В начале июня я собрал несколько университетских приглашений — из тех, которые прорвались ко мне сквозь блокаду переписки, — и приложил их к заявлению на имя председателя Президиума Верховного Совета СССР Н. В. Подгорного, в котором просил о разрешении выехать с семьей на два года во Францию. Через месяц меня вызвали в ОВИР. Некий штатский чиновник, оказавшийся генералом Смирновым, принял меня в просторном кабинете (рядом с ним стоял магнитофон с вертевшейся катушкой — может быть, для устрашения посетителя? или для того, чтобы сам генерал Смирнов не сказал лишнего?) и заявил, что моя просьба Н. В. Подгорному не может быть удовлетворена: «Таких форм отъезда у нас не предусмотрено». Я пытался ссылаться на примеры некоторых моих предшественников: ведь именно на два года уехали из СССР М. Ростропович, В. Максимов, В. Некрасов?... Генерал Смирнов отчетливо дал мне понять, что для меня такой путь закрыт. «Для вас, — настойчиво подчеркнул он, — для вас это невозможно». Я понял: те, кого я рассматривал как моих предшественников, принадлежат к «коренной национальности», они русские; я же — еврей, и мне надлежит отправляться в Израиль, да поскорее. Но выезд в Израиль влечет за собой немедленную и неотвратимую потерю подданства: в момент получения израильской визы уезжающий сдает (и навсегда теряет) советский паспорт. Мало этого: по установленным правилам он еще должен уплатить пятьсот рублей (около двух с половиной тысяч французских франков) «за отказ от подданства». Спорить было бессмысленно: высылка из страны оформлялась как добровольный отъезд, лишение гражданства — как «отказ» от него.

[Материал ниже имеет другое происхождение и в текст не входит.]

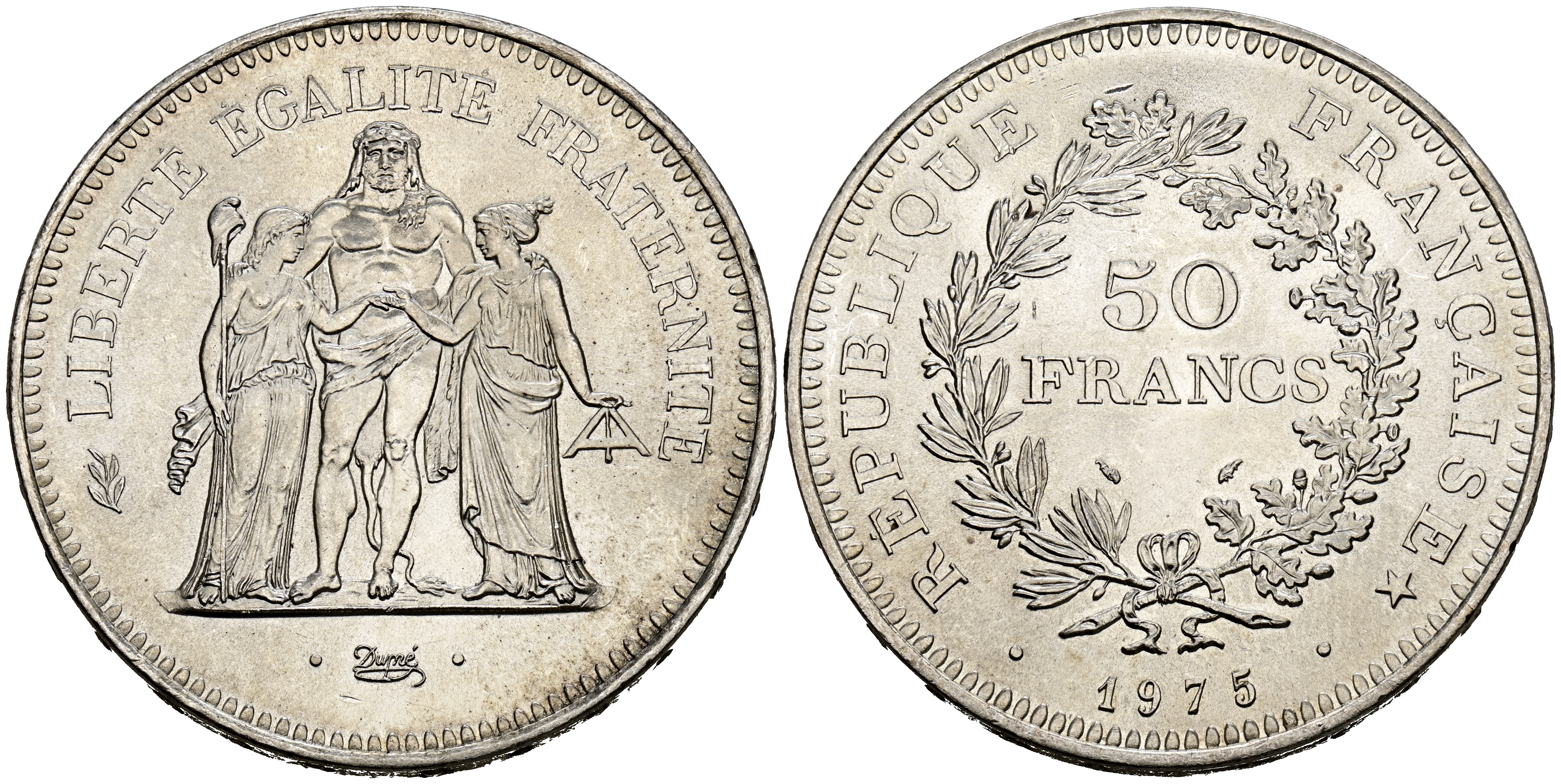 FRANCIA. 50 Francs. (Ar. 30,07g/41mm). 1975. Hércules. (Km#941). EBC+.

Все же я ждал еще три месяца — может быть, дело как нибудь повернется? Оно никак не повернулось. С каждым днем я чувствовал, что тучи сгущаются, что КГБ становится все активнее, что и мне, и в особенности дочери грозит прямая опасность. Наконец один из старых моих друзей, которого со мной и моей семьей связывают многие десятилетия близости, сказал мне:
— Тебе надо уезжать, не медля ни одного лишнего дня. Ты встречаешься с людьми — это для них губительно. Молодые приходят к тебе, помогают, открыто демонстрируют свое сочувствие. Они незащищенные — никакие западные университеты их не пригласят, газеты о них писать не будут. Пока ты здесь, они в смертельной опасности. Каждого из них могут со дня на день выгнать с работы. Неужели ты не понимаешь своей ответственности перед ними, да и перед всеми нами? Даже нам, старшим, грозит потеря работы, — в лучшем случае нам не дадут дослужиться до пенсии. Уезжай!
В моей памяти этот разговор остался как одно из самых тяжелых переживаний последнего периода жизни в Советском Союзе. Даже близкий друг сторонился меня, как прокаженного. Солидарность окончательно уступила место страху. Конечно, он был прав: находясь под наблюдением органов, я втягивал в орбиту наблюдения всех, кто приходил ко мне или просто пожимал мне на улице руку. Я не имел права требовать даже от моих друзей, чтобы они были героями. Все чаще мне вспоминались слова Бертольта Брехта: «Несчастна та страна, которая нуждается в героях!»